Philadelphia, U.S.A. 1838. Like America, the Krieger companies are clawing their way back from the Panic of 1837. Fourteen-year-old Rian Krieger knows this because she starts every workday as her father's bookkeeper and the money is flowing in. When the accounting is up to date, Rian scoots to her real love: the production floor of Krieger Locomotive.
To Rian, idleness equals bad, but not in a "rich people are industrious and the poor are idle" sort of way. If Rian doesn't immerse herself in a task that demands total concentration-bookkeeping, drawing a new part for a locomotive, pouring molten iron into a mold, caulking a boiler-dark thoughts gnaw their way loose like rats escaping from a burlap bag. You are The Oddity: The girl who hates girly-girl things. The girl who wears boys' clothing. The girl who intends to run Krieger Locomotive someday. Then an exploding steam engine puts Rian's plan in jeopardy and makes way for a host of new rat-thoughts.
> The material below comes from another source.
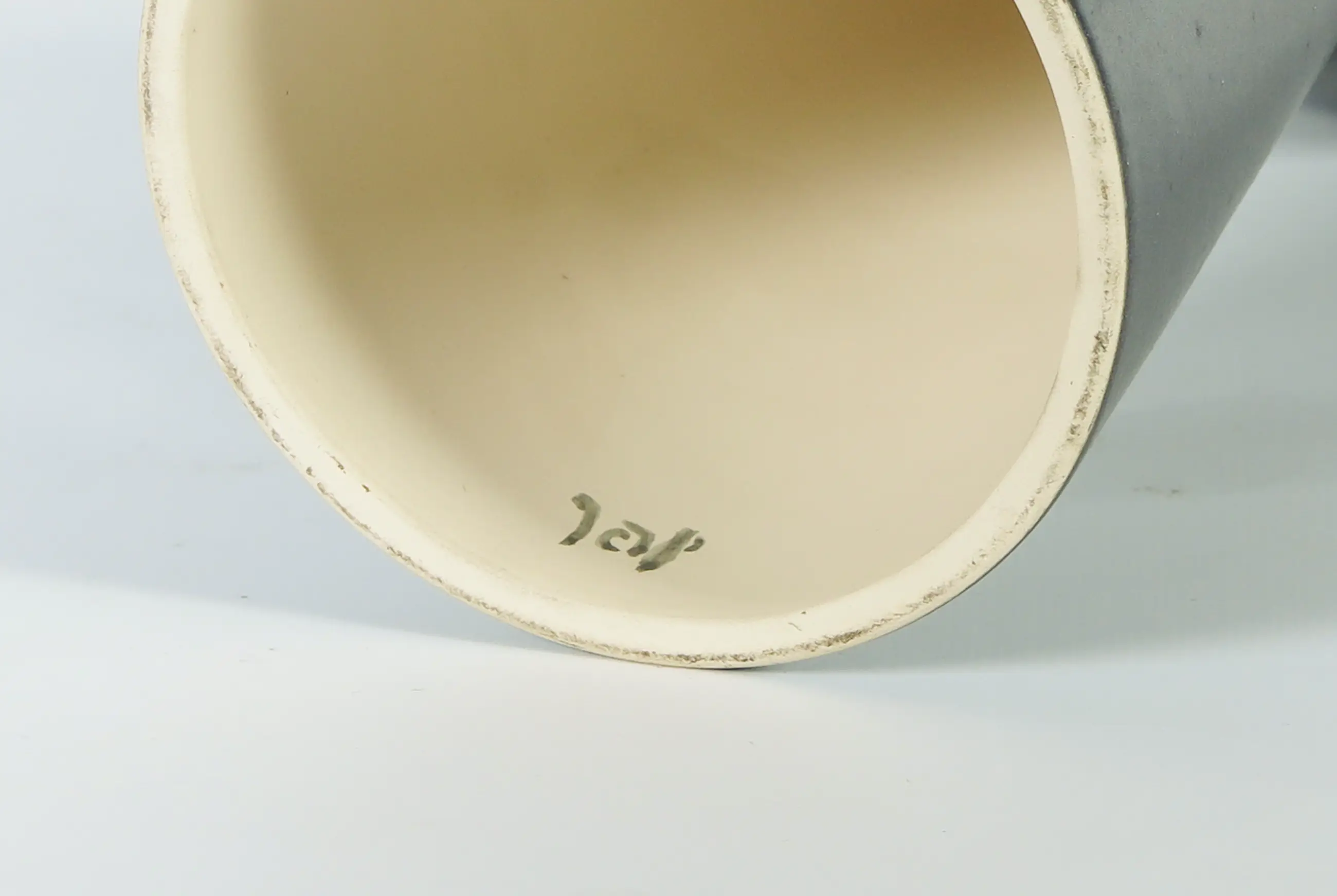 Keramieken vaas van onbekende maker. Vanbinnen gesigneerd met 'J.A.P.'
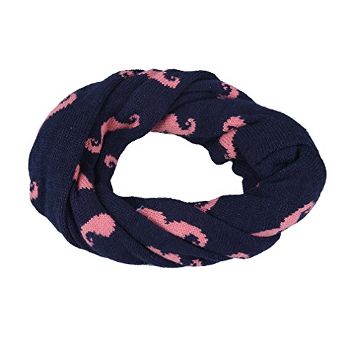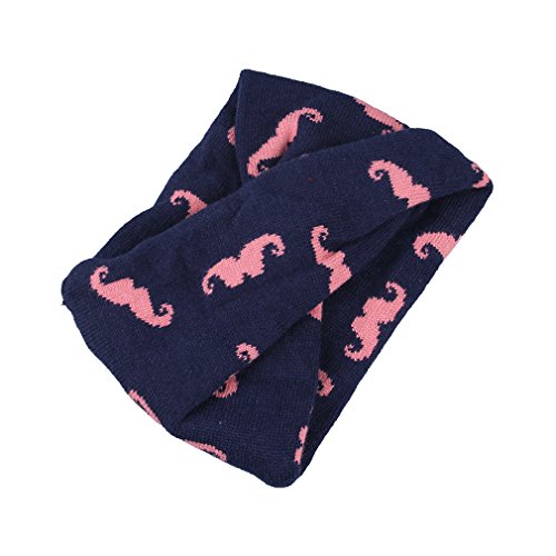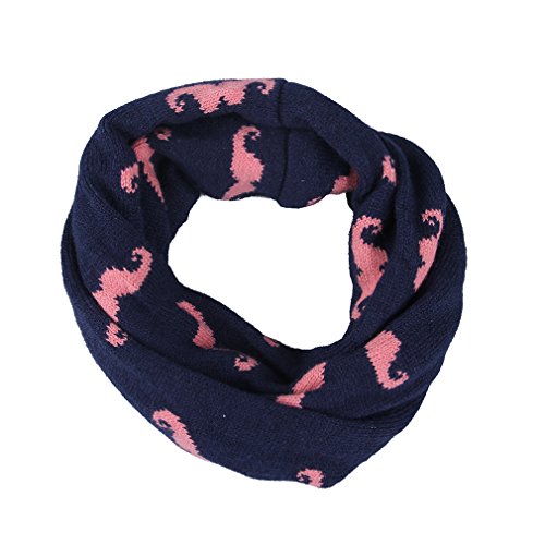 (コ-ランド) Co-land 子供用 赤ちゃん ベビーニットネックウォーマー キッズスヌード 毛糸スカーフ ニットマフラー ちょび髭図案飾り 暖かい お出かけ防寒 女の子 男の子 (4.ネイビー)

Rian's father, Otto, bets everything-factories, home, reputation-on his assumption that the railroad industry will lead America out of the depression. He has to be successful, for if he doesn't build a fortune, how else will his daughter marry well?
And in South Carolina, Olivia Tucker, the daughter of plantation owners, rebels against her destiny: a life of privilege built on the backs of the enslaved. Olivia enlists Rian in a long-distance conspiracy to burn the daily cruelties of the South's slave system into the American consciousness.